Boston Students and Environmental Officials Participate in Volunteer Beach Clean Up at DCR's Carson Beach
Event celebrates statewide COASTSWEEP program
Now in its 24th year, COASTSWEEP is a volunteer program organized by EEA's Office of Coastal Zone Management (CZM) and the University of Massachusetts Boston's Urban Harbors Institute (UHI) that employs thousands of volunteers each fall to clean up trash from the Commonwealth's beaches, river banks, marshes and seafloor during the months of September and October.
"Each year thousands of dedicated volunteers do their part to keep our recreational areas clean and protect wildlife habitat by spending a few hours or a whole day removing tons of trash from Massachusetts beaches," said Secretary Sullivan. "I applaud the work of these middle school students and their teachers today at this beautiful urban resource. I hope their example of environmental stewardship inspires others."
During COASTSWEEP clean ups, volunteers also gather and record data about the types of debris they are finding. The data is then analyzed by the Ocean Conservancy's International Coastal Cleanup program and the results are used to better understand the sources of marine debris globally and to develop solutions for prevention. As part of the International Coastal Cleanup, COASTSWEEP participants join hundreds of thousands of other volunteers each year in the world's largest volunteer effort for the ocean.
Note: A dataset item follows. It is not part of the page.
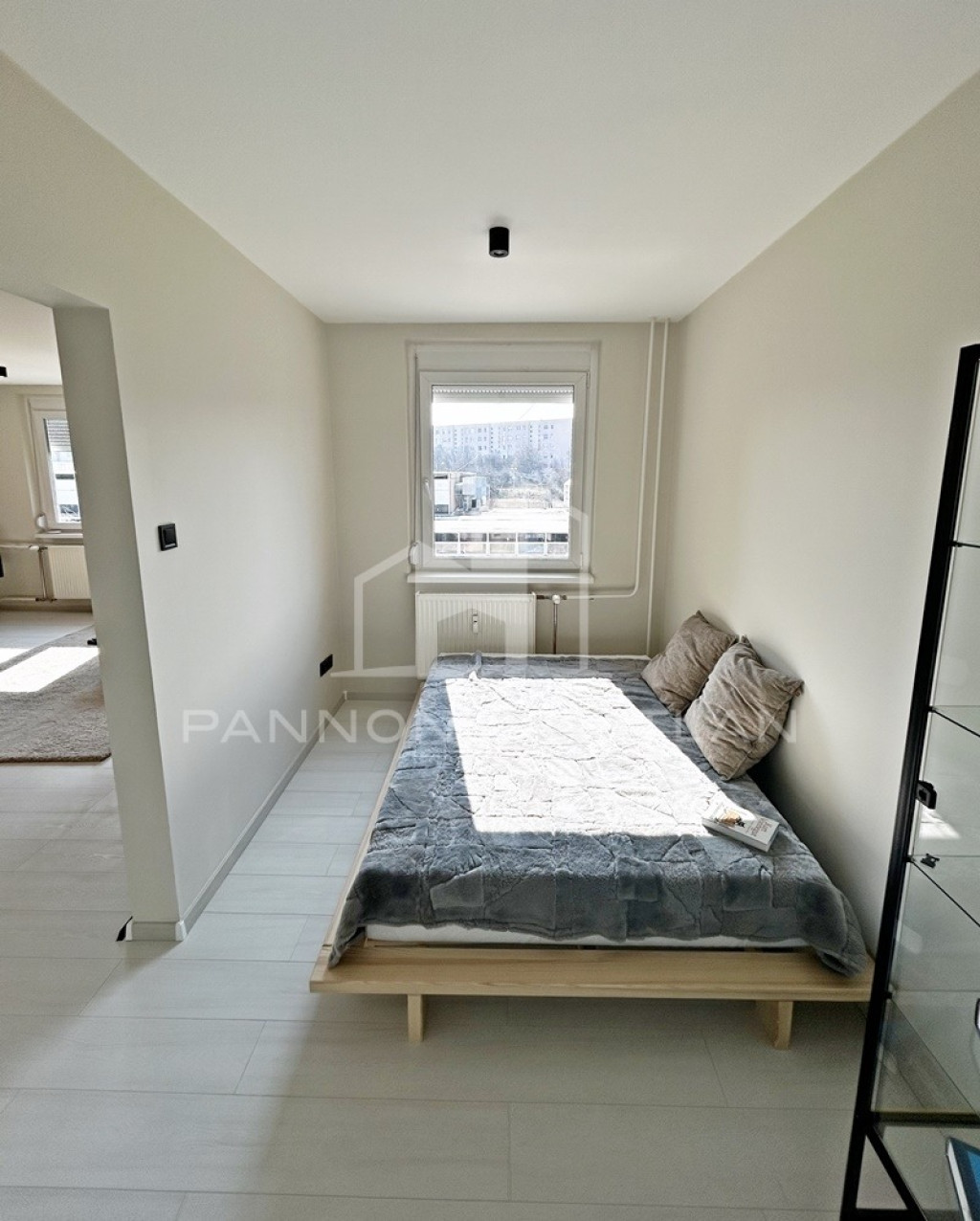 A külön nyíló hálószoba biztosítja az intim életteret, ahol egy nagy méretű, beépített gardróbszekrény található, amely bőséges tárolási lehetőséget kínál.
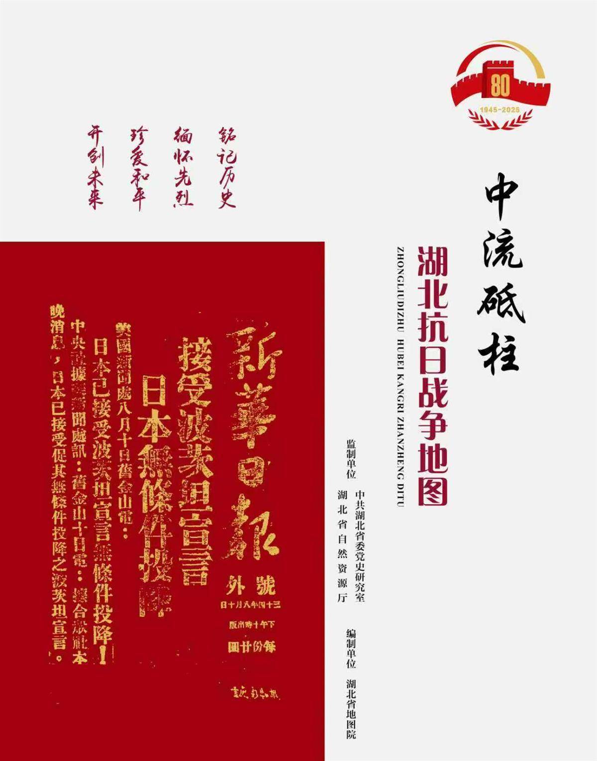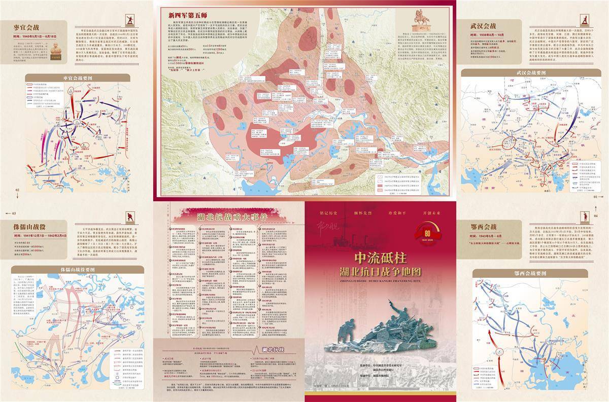 近日,中共湖北省委党史研究室和省自然资源厅联合监制,省地图院编制的《中流砥柱——湖北抗日战争地图》正式与读者见面。该地图正面为湖北抗战大事记,并用地图的形式表现了在湖北发生的武汉会战、枣宜会战、侏儒山战役、鄂西会战等重大战役,在地图上追忆了由中国共产党领导的新四军第五师在湖北的抗战足迹。地图反面为在湖北省地图上标注了国家级抗战纪念设施遗址、国家级和省级重要抗战文物保护单位和湖北籍以及牺牲在湖北的著名抗日英烈。

"Trash and marine debris is a widespread pollution problem and serious threat to our oceans and waterways," said CZM Director Bruce Carlisle. "Since much of the trash collected each year comes from litter on our streets, marine pollution is easily preventable. It's great to see so many people come out to COASTSWEEP to be part of the cleanup solution and do their part to encourage others to prevent littering."
"These volunteers deserve our utmost respect and thanks for the work they put into this project, collecting and documenting tons of litter and debris, here at DCR's Carson Beach and dozens of other locations," said Commissioner Lambert. "This is a wonderful, much-appreciated volunteer effort to clean our coastline and DCR is happy to once again partner with CZM on this effort."
The Quincy Upper School has been involved in COASTSWEEP for more than four years, bringing students to Boston's beaches not only to put in a few hours of hard work but also to enjoy the wonderful beaches right in their city and learn about environmental issues and data collection and analysis.
"Many of these students don't get to the beach very often, even though they live so close by," said teacher and cleanup coordinator, Jenny Tsai. "Bringing them out today to participate in an international effort to remove marine debris shows them the kinds of impacts people can have, for better or for worse, on the environment."
COASTSWEEP has welcomed thousands of volunteers to clean the Massachusetts shoreline over the last 23 years. Last year alone, 3,000 COASTSWEEP volunteers removed more than 20,406 pounds of trash-most of which was land-based refuse carried to the shore by wind or rain.
COASTSWEEP 2011 features cleanups throughout September and October at more than 75 sites-with more sites being added-covering the entire coast, including an expanded number of DCR properties. In addition to participating in a COASTSWEEP cleanup, there are several steps citizens can take to prevent trash from becoming marine debris, including securing trash bins, recycling, using reusable shopping bags, and refraining from littering.
COASTSWEEP is always looking for more volunteers and coordinators. To find a cleanup near you or to learn how to start your own cleanup, call (617) 287-5570, visit www.coastsweep.umb.edu, or like us on Facebook at www.facebook.com/COASTSWEEP.
In addition to EEA, CZM, UHI, and DCR, COASTSWEEP 2011 sponsors include Weston Solutions, RBC Capital Markets, and Bisnar/Chase LLP.
The Massachusetts Office of Coastal Zone Management is the agency within the Executive Office of Energy and Environmental Affairs charged with protecting the state's approximately 1,500-mile coast. Through educational and regulatory programs, CZM seeks to balance human uses of the coastal zone with the need to protect fragile marine resources. The agency's work includes helping coastal communities anticipate and plan for sea level rise and other effects of climate change, working with cities and towns and the federal government to develop boat sewage no-discharge areas and partnering with communities and other organizations to restore coastal and aquatic habitats.